**Assignment**: In the material beneath, how many lines contain the word "Haji"? Give the count alone.

**Available data**:
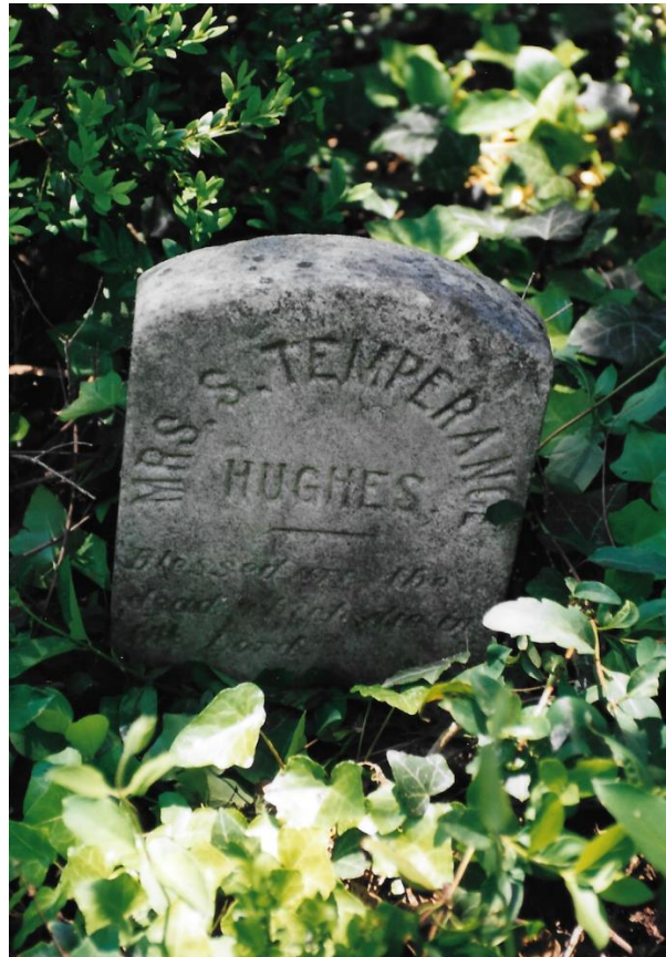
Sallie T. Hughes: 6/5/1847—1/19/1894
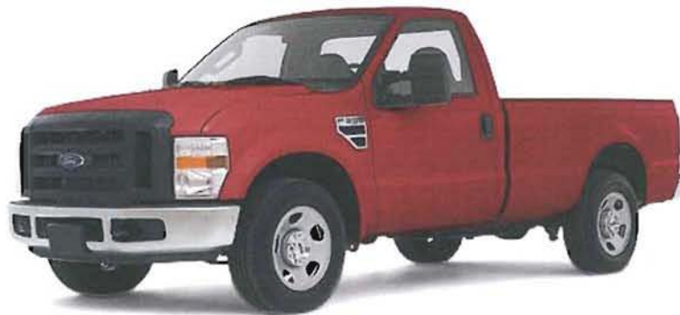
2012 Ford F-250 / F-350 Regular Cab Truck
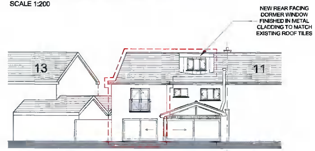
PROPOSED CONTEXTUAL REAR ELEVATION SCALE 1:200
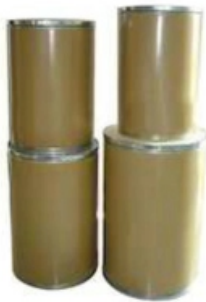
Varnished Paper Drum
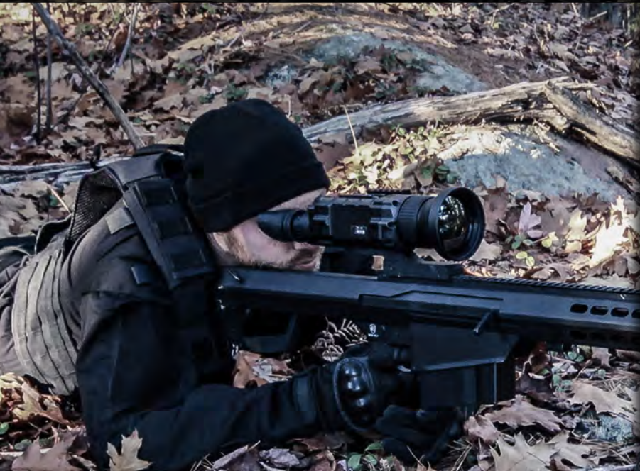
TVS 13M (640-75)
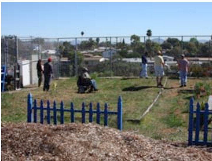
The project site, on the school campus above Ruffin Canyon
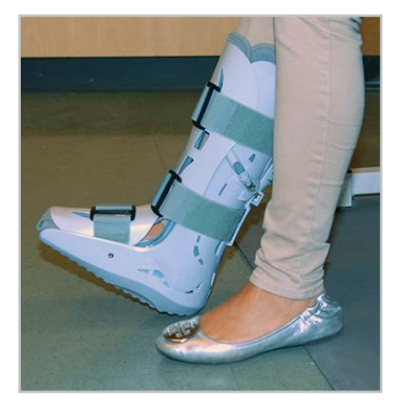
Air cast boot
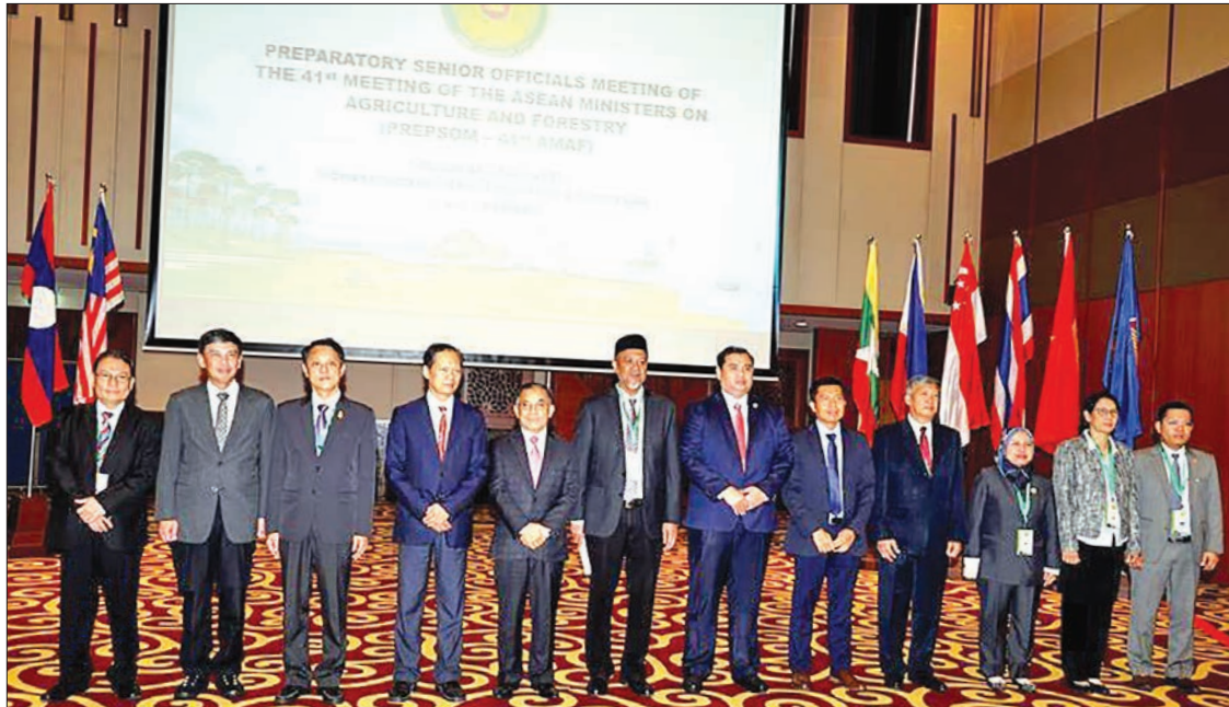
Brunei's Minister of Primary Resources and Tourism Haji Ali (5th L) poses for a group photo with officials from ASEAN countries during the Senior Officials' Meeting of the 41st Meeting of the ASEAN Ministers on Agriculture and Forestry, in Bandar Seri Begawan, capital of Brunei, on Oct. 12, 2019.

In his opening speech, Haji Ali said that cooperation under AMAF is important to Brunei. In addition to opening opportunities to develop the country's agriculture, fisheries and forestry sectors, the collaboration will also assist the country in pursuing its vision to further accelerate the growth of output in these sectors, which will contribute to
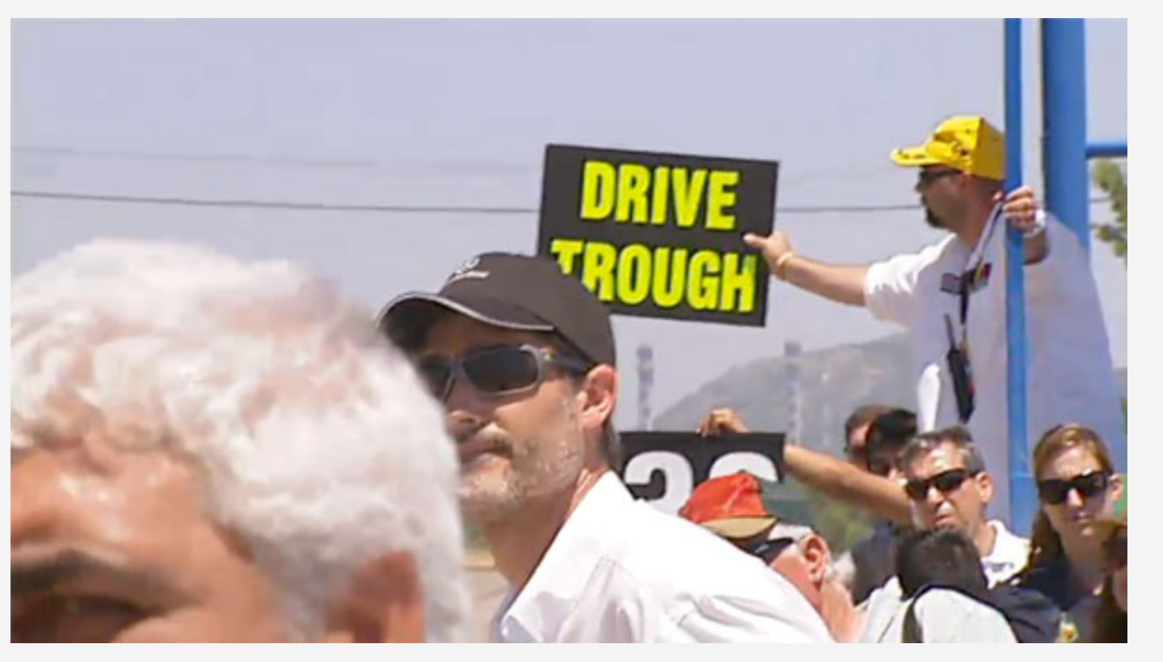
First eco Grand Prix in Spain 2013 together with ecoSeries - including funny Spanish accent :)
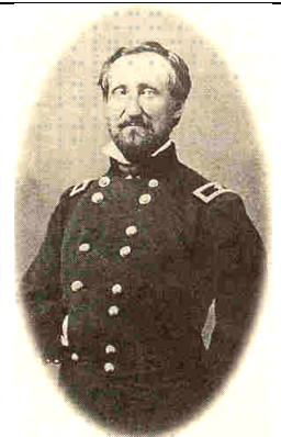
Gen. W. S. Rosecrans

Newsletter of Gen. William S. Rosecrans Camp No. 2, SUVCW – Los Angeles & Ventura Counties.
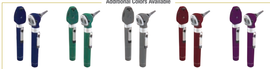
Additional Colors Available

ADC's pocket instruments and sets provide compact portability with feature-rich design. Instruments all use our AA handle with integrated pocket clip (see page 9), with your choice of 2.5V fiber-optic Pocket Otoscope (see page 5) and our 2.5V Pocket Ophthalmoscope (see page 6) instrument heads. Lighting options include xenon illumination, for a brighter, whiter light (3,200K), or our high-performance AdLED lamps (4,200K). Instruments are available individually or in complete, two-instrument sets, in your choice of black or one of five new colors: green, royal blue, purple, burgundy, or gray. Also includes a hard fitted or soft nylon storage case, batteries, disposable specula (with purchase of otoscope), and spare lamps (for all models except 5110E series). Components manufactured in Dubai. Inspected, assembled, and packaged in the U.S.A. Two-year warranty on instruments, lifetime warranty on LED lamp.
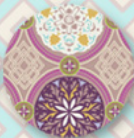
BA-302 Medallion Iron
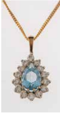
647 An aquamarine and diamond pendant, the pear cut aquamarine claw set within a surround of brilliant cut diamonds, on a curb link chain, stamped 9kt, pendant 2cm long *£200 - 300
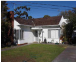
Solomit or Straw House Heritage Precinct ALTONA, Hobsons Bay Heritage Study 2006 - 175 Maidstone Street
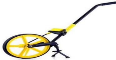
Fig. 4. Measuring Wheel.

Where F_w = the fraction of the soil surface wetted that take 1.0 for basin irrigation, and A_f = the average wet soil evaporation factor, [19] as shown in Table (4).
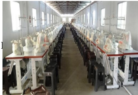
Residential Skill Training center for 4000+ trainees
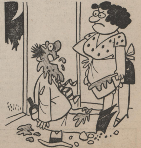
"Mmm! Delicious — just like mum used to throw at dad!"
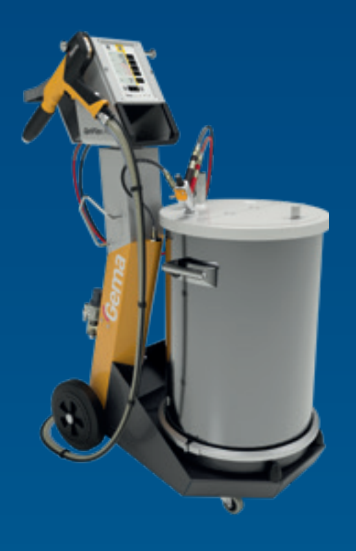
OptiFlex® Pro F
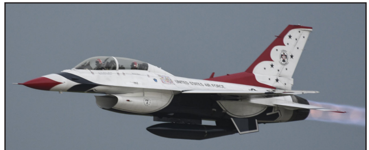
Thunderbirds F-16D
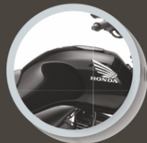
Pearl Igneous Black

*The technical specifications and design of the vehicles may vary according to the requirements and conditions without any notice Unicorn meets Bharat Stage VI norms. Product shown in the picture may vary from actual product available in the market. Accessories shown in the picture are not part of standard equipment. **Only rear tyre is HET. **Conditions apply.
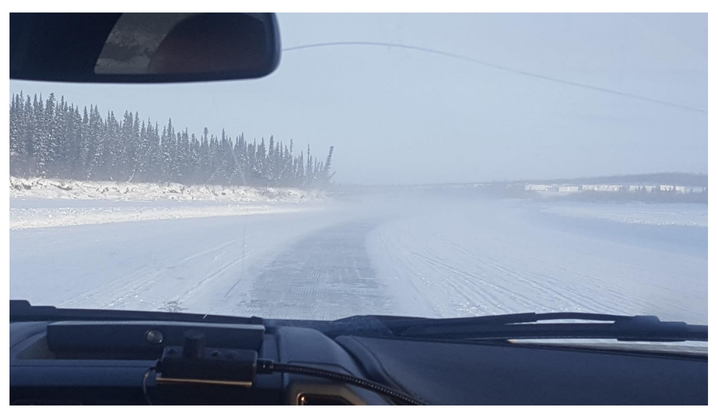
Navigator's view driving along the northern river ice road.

**Solution for this problem**: 2